Directions.
Look through the data below for the line with "AGRO Rašelina je", and transcribe it exactly together with each line after it up to and including the line with "Nach großen Erfolg". Give nothing else.

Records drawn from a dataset
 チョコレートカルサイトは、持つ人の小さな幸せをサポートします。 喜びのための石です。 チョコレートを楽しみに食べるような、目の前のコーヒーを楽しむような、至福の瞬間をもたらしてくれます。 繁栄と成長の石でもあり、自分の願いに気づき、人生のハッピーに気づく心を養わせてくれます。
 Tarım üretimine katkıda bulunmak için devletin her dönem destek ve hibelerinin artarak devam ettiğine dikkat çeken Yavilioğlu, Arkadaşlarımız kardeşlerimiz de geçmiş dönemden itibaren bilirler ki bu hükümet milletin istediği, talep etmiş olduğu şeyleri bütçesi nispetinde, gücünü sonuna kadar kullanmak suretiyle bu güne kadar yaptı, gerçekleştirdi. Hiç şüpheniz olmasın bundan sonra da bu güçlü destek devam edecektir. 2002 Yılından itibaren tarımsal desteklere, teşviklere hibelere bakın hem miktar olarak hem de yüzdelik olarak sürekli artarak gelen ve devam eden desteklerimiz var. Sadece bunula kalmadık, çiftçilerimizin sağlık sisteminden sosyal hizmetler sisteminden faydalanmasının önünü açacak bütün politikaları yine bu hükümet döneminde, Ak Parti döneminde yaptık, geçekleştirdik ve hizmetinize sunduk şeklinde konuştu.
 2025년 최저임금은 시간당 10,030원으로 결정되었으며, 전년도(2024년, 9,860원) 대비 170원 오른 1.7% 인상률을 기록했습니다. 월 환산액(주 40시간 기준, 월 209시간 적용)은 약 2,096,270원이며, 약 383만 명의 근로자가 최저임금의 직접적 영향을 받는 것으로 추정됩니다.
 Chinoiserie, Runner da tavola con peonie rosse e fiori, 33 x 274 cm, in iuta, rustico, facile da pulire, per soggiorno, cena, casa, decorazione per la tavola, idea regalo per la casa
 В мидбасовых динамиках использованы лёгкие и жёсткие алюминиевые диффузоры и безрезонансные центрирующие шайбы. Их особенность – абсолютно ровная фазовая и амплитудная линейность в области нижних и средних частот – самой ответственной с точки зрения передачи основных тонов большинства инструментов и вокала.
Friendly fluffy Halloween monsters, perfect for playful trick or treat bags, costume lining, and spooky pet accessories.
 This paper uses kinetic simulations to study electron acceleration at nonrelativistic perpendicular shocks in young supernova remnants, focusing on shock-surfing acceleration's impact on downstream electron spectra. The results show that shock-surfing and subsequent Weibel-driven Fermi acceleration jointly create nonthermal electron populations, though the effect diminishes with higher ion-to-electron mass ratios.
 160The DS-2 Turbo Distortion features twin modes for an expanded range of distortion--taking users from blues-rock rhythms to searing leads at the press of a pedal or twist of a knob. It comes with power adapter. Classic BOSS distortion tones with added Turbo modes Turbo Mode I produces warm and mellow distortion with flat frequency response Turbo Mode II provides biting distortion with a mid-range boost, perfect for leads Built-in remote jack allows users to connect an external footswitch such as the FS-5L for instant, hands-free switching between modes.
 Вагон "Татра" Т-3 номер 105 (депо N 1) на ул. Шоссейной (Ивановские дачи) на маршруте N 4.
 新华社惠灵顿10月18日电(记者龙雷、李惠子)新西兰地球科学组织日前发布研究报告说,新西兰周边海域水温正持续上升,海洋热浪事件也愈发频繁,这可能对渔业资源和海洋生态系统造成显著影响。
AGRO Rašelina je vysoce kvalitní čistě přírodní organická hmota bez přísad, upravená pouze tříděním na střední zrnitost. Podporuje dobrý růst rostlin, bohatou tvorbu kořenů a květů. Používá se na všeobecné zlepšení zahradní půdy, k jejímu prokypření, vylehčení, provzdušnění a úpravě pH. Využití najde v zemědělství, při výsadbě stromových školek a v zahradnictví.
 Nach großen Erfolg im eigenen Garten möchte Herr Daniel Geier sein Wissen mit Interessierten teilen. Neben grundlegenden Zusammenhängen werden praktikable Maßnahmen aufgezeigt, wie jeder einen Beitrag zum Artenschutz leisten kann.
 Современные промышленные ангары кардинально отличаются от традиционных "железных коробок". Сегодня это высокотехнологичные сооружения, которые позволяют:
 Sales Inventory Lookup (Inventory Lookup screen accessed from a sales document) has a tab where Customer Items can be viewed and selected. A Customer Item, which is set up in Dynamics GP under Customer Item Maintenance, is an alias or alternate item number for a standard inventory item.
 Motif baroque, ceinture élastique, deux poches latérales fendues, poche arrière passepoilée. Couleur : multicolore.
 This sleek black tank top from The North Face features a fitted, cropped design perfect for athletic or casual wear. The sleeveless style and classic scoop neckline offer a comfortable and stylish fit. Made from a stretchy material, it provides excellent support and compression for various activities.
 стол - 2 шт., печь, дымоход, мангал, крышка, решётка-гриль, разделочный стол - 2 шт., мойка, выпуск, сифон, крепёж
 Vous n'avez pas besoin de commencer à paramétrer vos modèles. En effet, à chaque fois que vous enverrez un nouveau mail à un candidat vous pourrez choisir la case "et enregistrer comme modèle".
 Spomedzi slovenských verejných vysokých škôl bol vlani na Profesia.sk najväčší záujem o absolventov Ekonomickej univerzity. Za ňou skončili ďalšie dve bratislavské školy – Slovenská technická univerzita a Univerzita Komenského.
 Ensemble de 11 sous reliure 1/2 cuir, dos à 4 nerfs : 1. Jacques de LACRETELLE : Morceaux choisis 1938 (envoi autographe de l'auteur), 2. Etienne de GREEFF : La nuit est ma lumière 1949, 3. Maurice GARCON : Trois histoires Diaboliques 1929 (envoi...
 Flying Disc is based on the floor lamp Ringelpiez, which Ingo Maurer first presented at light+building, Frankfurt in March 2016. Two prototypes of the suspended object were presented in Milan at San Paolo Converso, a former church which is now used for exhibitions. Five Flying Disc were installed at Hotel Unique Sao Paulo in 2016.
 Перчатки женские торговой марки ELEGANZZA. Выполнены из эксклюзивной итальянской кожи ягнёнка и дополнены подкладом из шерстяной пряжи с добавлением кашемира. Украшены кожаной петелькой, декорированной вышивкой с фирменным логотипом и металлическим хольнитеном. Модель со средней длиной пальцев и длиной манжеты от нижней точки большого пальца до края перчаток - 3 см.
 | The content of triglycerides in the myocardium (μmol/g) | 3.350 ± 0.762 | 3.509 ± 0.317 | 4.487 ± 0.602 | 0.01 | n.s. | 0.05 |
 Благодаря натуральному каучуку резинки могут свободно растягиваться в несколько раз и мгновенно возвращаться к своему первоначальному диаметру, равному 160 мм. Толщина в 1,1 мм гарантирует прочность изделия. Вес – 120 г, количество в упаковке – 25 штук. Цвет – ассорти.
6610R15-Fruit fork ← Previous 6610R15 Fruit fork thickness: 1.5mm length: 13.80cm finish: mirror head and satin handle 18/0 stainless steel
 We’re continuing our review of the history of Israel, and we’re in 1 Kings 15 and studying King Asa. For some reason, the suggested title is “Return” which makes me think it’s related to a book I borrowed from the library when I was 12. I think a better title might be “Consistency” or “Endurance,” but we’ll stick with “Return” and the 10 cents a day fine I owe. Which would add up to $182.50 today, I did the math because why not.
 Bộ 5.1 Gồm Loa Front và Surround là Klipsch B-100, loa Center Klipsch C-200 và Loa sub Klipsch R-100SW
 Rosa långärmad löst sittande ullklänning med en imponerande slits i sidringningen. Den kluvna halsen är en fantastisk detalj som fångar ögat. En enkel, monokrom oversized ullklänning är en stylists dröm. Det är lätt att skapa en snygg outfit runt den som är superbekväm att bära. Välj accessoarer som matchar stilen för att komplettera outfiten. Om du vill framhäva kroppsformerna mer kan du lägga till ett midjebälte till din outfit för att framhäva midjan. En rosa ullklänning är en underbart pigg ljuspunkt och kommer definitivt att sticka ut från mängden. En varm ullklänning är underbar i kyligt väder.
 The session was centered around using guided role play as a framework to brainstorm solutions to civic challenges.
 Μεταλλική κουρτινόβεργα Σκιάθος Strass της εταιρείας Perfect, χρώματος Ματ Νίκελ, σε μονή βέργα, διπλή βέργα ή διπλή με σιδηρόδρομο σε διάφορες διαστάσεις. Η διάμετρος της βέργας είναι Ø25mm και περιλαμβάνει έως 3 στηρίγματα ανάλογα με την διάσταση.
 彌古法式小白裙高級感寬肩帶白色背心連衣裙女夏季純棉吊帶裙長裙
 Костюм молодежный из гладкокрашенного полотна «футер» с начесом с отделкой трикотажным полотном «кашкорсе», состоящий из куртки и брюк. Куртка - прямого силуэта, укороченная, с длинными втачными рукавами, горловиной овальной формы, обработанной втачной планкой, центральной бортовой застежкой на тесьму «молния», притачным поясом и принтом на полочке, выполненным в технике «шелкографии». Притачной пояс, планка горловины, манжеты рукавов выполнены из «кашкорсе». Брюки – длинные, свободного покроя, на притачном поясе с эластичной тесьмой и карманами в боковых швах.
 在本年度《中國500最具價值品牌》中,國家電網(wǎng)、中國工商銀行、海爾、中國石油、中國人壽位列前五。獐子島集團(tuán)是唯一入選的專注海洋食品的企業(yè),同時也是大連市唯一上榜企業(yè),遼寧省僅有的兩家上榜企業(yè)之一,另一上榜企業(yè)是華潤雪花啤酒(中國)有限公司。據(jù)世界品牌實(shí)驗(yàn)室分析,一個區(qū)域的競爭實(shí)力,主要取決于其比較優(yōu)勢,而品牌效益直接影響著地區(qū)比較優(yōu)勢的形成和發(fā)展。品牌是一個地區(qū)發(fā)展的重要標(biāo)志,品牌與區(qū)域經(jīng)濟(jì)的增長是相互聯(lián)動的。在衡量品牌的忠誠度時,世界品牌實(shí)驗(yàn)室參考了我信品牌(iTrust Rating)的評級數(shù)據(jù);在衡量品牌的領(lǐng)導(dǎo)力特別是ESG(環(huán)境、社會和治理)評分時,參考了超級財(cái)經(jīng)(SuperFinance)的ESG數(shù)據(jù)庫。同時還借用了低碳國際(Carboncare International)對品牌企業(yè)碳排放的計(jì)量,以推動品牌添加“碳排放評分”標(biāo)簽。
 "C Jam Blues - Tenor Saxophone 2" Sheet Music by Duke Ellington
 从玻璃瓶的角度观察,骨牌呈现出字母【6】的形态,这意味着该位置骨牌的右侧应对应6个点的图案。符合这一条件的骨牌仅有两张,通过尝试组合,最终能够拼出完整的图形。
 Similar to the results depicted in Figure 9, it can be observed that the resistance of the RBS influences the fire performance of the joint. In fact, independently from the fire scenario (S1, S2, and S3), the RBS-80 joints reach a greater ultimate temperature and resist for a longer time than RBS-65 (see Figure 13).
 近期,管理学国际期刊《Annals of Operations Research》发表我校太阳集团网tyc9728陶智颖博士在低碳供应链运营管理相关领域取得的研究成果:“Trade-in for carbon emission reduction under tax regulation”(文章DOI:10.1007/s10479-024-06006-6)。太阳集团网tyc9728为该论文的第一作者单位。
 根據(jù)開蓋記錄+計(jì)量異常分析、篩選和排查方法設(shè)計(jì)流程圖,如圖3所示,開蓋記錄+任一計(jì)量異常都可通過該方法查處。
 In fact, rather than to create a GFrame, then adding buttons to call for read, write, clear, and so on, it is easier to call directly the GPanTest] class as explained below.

Exercise result.
AGRO Rašelina je vysoce kvalitní čistě přírodní organická hmota bez přísad, upravená pouze tříděním na střední zrnitost. Podporuje dobrý růst rostlin, bohatou tvorbu kořenů a květů. Používá se na všeobecné zlepšení zahradní půdy, k jejímu prokypření, vylehčení, provzdušnění a úpravě pH. Využití najde v zemědělství, při výsadbě stromových školek a v zahradnictví.
 Nach großen Erfolg im eigenen Garten möchte Herr Daniel Geier sein Wissen mit Interessierten teilen. Neben grundlegenden Zusammenhängen werden praktikable Maßnahmen aufgezeigt, wie jeder einen Beitrag zum Artenschutz leisten kann.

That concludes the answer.